I don’t come from a Christian family and I don’t have a close circle of Christian friends. But I have found actually the opposite since I myself have become a Christian- a loving family who supports me and close agnostic or atheist friends who always seem to have the right words to say. This is perplexing to me. But it teaches me that prostitutes and tax collectors are entering the kingdom of God before some of us.
I am learning that calling ourselves Christians means absolutely nothing. That we hide in our bibles. That like Ghandi said so poignantly,
I like your Christ, I do not like your Christians. Your Christians are so unlike your Christ.
And so back to Job, my honorable martyrdom slowly dissipated as the pain in my body increased. I was unable to sleep, exercise or work in peace. I was sick of being sick and the bad things kept coming. Life still was going on, and my kids kept going as if nothing was going on at all. They reminded me of Ghandi’s quote, it reminded me of us.
So I tried to hate God last night and couldn’t, I tried to get mad at Him instead. But I realized that I had nowhere else to go and was over the asking of why God why. I was not wallowing in self-pity but perplexed by the pain and suffering of this life, it doesn’t feel good, I don’t want it. But this time I was able to recognize it for what it was, lean into it instead of away from it, and put my big girl panties on and just deal with it.
I’m sick of a Christianity that does not recognize Jesus, that is theologically based and not spiritually based, that presupposes that attending mass makes you a good Christian. The church can be a hurtful place- and I am not just speaking of the Catholic church, I am speaking of our ecumenical universal church. Where we listen to scripture week in and week out, then form our cliques, keep to ourselves, withhold forgiveness, and God forbid go out into the world and love people despite all of their faults and weaknesses. I wanted to jump off the ledge in my mind, but God even kept me from that.
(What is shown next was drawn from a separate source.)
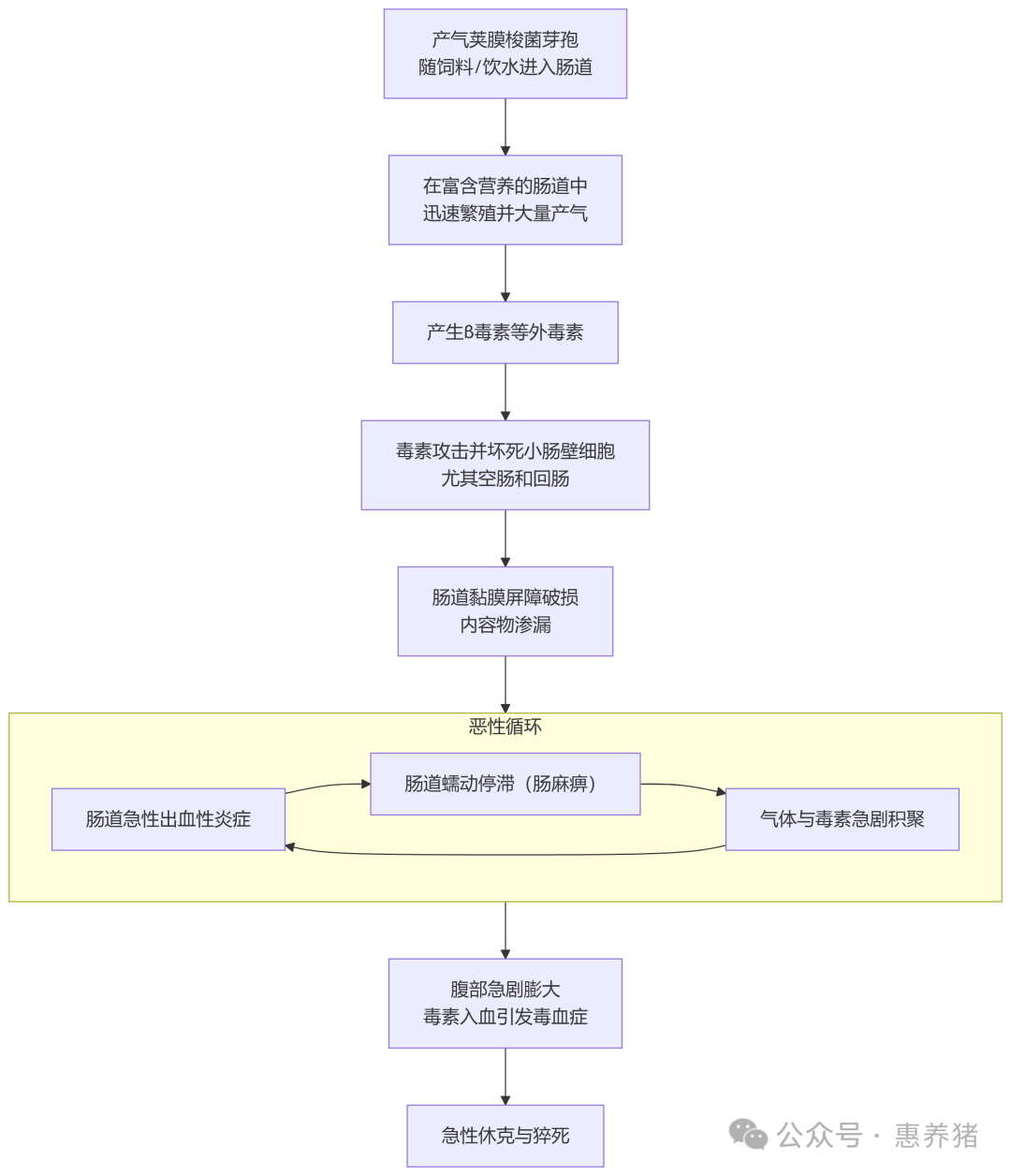 促发因素:高蛋白、高能量日粮是主要诱因。研究表明,当饲料中豆粕等非淀粉多糖(NSP)含量过高时,后肠发酵加剧,为梭菌繁殖提供了底物。饲喂不规律、突然换料等应激也会打破肠道菌群平衡,诱发该病。

Though he slay me, yet will I hope in him; I will surely defend my ways to his face.
I asked my agnostic friend to send me a picture of his peaceful farm. It was the best part of my day. Because we are to see to it that no one be deprived of the grace of God, except for the fact that my agnostic friend was extending grace to me by showing me my God.
If you’ve been in the same place, if you’ve disavowed your trials, if your friends are all Christians, you’re probably doing something wrong. If your forgiveness is conditional, if you don’t move, you’re definitely doing something wrong. I don’t know that I’ll ever learn to love my trials, but I don’t have to. God says I just have to endure them and be trained by it.